What is expected: Within the entries below, please return exactly the lines from the one with "また、単品での投入も多いため" through the one with "Lovely Leisure O", leaving out any pictures.

Provided information:

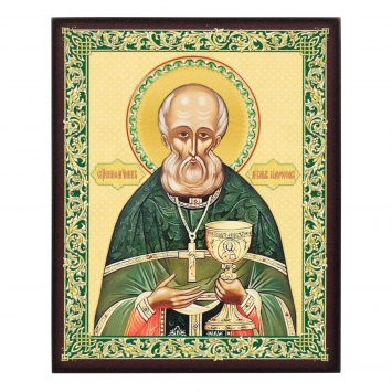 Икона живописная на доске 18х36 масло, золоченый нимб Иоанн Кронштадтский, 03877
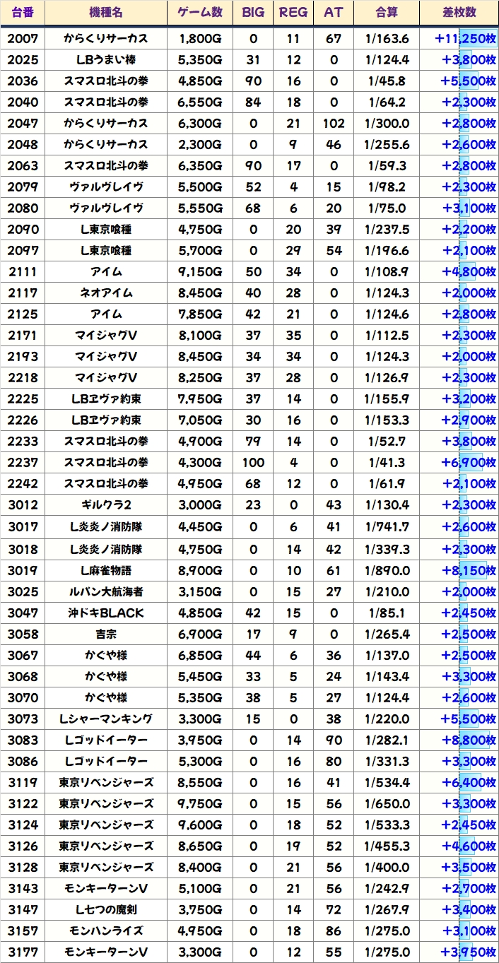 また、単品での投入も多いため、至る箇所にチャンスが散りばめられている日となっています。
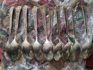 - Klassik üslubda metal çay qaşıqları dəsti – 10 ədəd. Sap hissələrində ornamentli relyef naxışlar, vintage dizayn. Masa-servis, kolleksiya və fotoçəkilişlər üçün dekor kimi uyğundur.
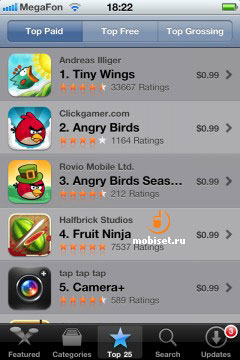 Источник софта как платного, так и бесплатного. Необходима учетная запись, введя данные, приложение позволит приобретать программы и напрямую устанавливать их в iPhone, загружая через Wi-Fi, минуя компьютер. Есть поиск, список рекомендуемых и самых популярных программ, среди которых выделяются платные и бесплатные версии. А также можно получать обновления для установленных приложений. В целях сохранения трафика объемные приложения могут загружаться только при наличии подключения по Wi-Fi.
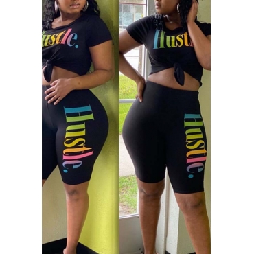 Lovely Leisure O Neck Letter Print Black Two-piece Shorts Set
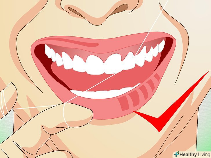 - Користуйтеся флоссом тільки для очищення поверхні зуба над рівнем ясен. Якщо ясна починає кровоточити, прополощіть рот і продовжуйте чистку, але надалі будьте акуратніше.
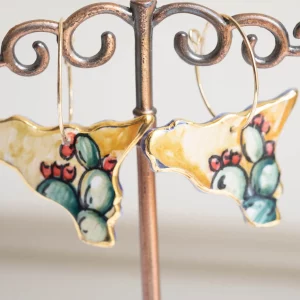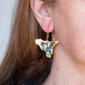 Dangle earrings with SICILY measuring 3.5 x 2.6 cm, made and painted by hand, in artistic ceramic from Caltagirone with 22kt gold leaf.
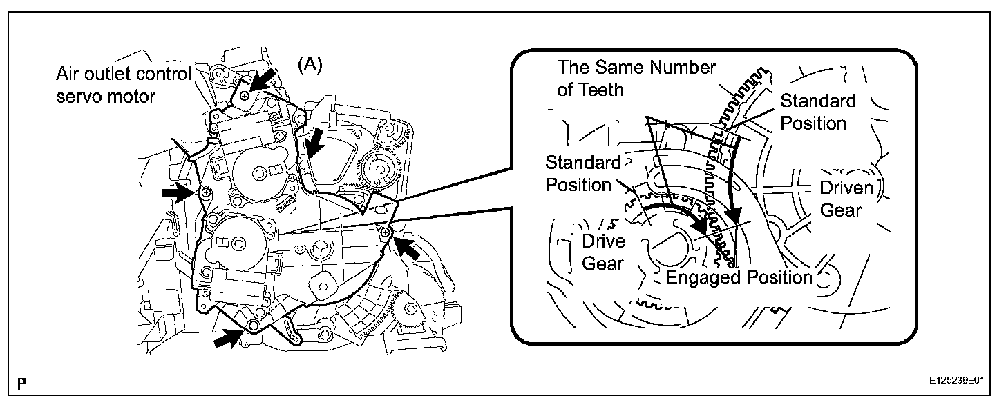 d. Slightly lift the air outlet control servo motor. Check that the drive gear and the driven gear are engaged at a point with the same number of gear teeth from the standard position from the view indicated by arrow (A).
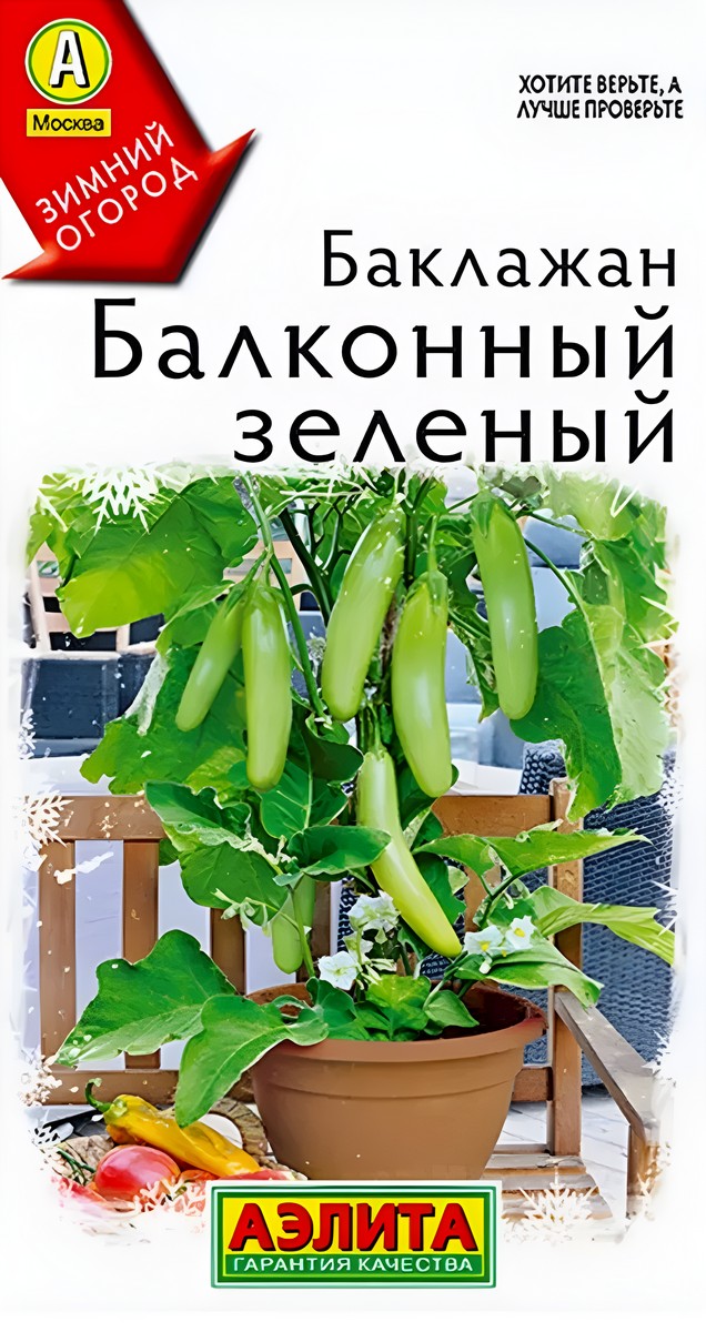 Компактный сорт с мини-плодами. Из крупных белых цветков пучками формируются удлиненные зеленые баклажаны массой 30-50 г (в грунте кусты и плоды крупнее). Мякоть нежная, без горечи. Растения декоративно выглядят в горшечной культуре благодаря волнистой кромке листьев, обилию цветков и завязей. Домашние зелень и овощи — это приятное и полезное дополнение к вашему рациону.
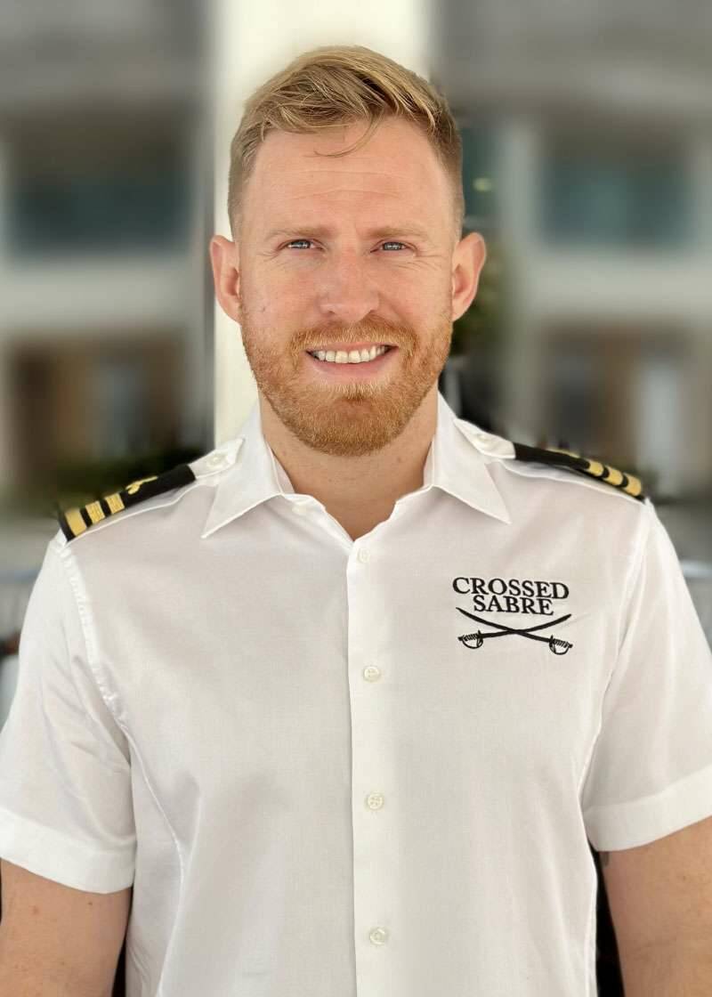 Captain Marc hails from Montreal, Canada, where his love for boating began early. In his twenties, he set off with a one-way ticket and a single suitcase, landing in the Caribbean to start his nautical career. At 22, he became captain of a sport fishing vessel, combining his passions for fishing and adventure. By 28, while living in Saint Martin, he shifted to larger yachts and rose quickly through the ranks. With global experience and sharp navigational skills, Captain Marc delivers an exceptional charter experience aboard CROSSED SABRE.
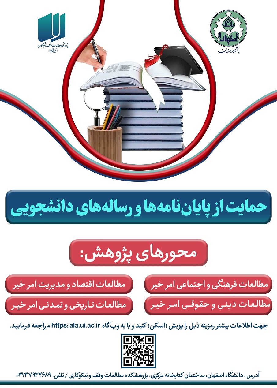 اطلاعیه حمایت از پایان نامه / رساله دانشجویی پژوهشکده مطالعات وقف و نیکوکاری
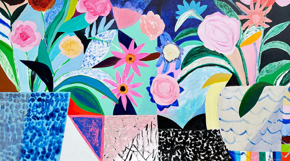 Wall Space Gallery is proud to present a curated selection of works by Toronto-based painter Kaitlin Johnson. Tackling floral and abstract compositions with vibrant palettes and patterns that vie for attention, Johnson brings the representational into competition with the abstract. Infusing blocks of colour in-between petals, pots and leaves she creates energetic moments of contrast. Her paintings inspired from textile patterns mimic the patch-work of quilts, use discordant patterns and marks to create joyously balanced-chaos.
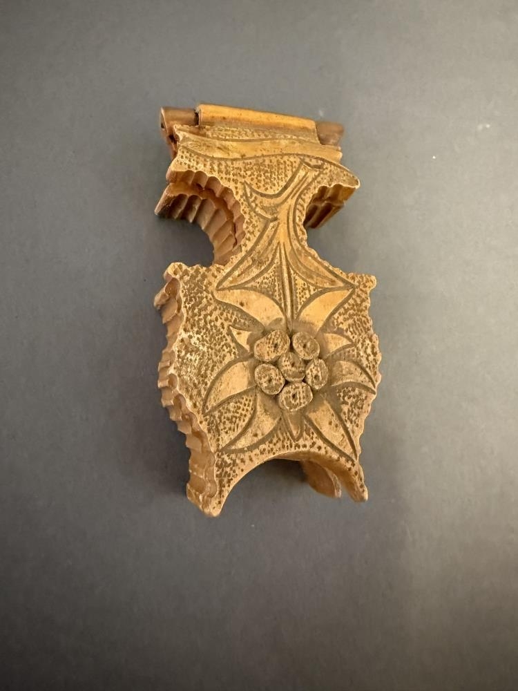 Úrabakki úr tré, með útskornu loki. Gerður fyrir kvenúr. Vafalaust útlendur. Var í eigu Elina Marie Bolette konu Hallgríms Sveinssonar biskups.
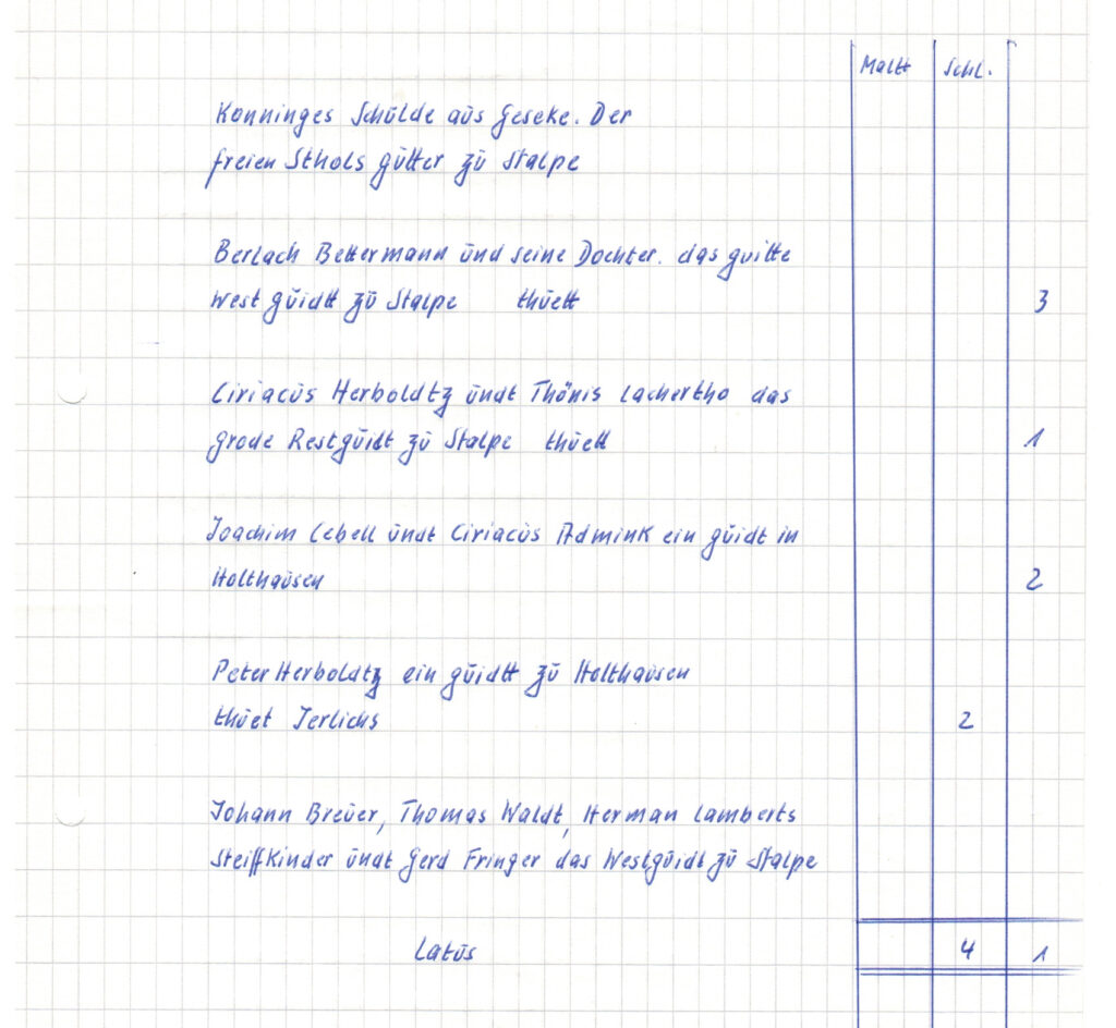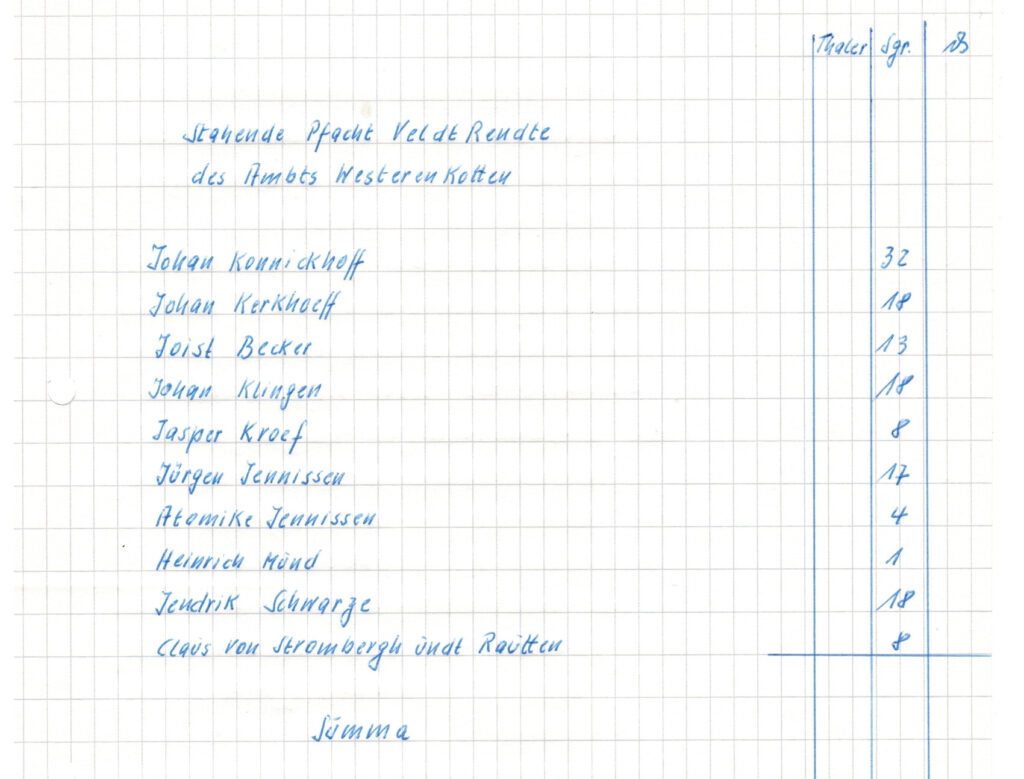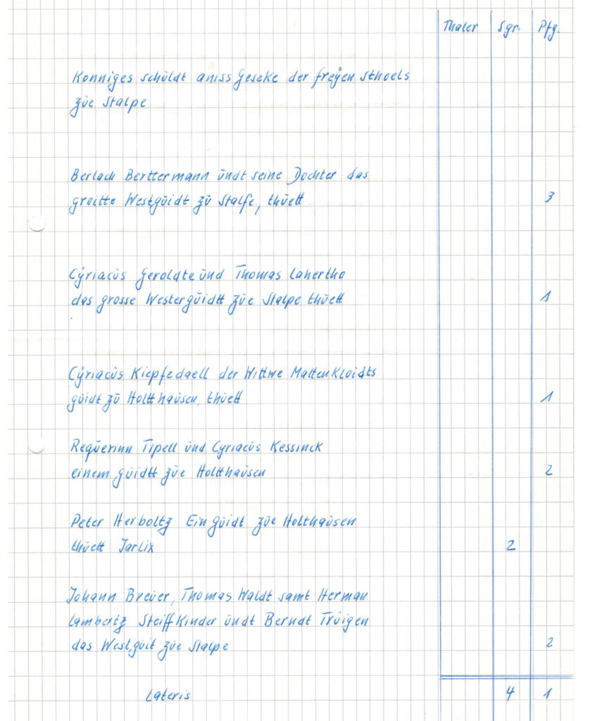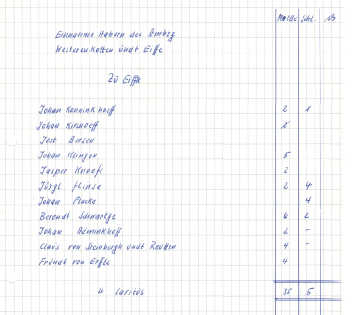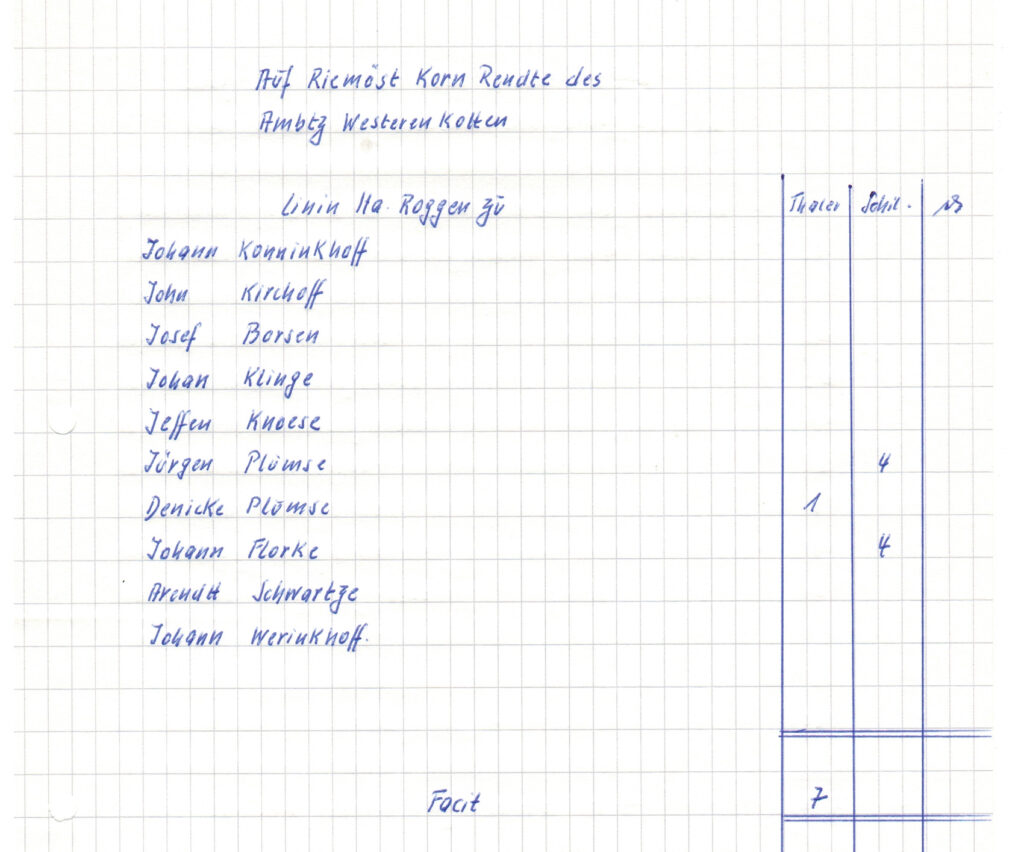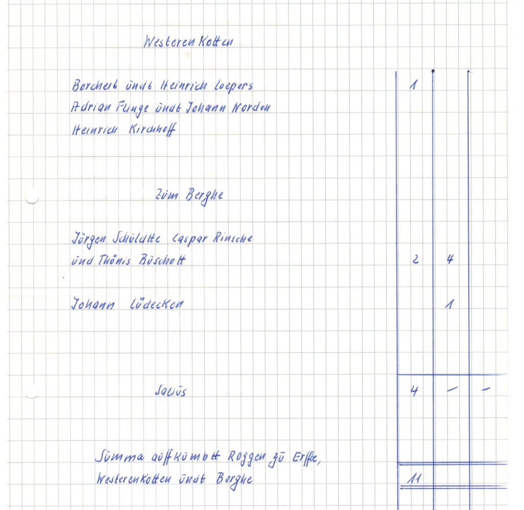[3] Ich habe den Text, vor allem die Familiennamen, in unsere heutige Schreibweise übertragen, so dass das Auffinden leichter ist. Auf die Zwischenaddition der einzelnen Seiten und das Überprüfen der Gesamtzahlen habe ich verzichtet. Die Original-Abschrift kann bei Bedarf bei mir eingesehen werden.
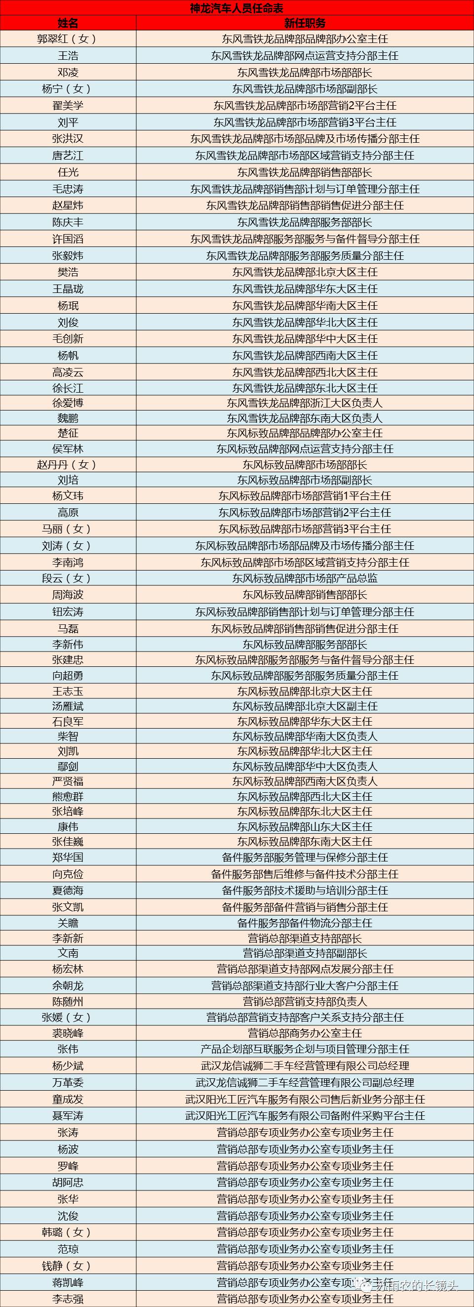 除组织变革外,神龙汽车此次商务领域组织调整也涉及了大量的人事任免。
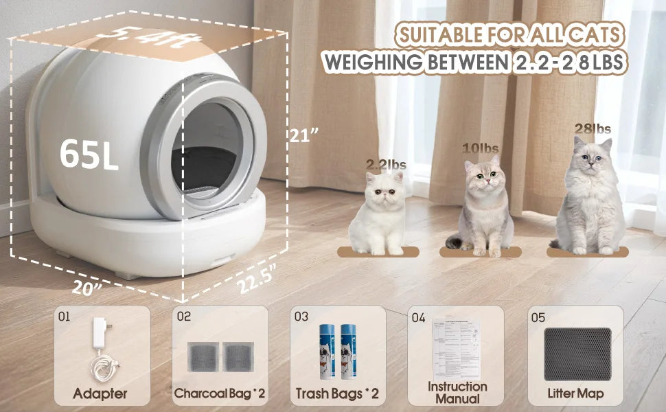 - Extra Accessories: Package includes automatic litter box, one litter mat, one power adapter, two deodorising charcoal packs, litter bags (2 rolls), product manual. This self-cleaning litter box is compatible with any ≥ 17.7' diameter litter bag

Problem solution:
 また、単品での投入も多いため、至る箇所にチャンスが散りばめられている日となっています。
 - Klassik üslubda metal çay qaşıqları dəsti – 10 ədəd. Sap hissələrində ornamentli relyef naxışlar, vintage dizayn. Masa-servis, kolleksiya və fotoçəkilişlər üçün dekor kimi uyğundur.
 Источник софта как платного, так и бесплатного. Необходима учетная запись, введя данные, приложение позволит приобретать программы и напрямую устанавливать их в iPhone, загружая через Wi-Fi, минуя компьютер. Есть поиск, список рекомендуемых и самых популярных программ, среди которых выделяются платные и бесплатные версии. А также можно получать обновления для установленных приложений. В целях сохранения трафика объемные приложения могут загружаться только при наличии подключения по Wi-Fi.
 Lovely Leisure O Neck Letter Print Black Two-piece Shorts Set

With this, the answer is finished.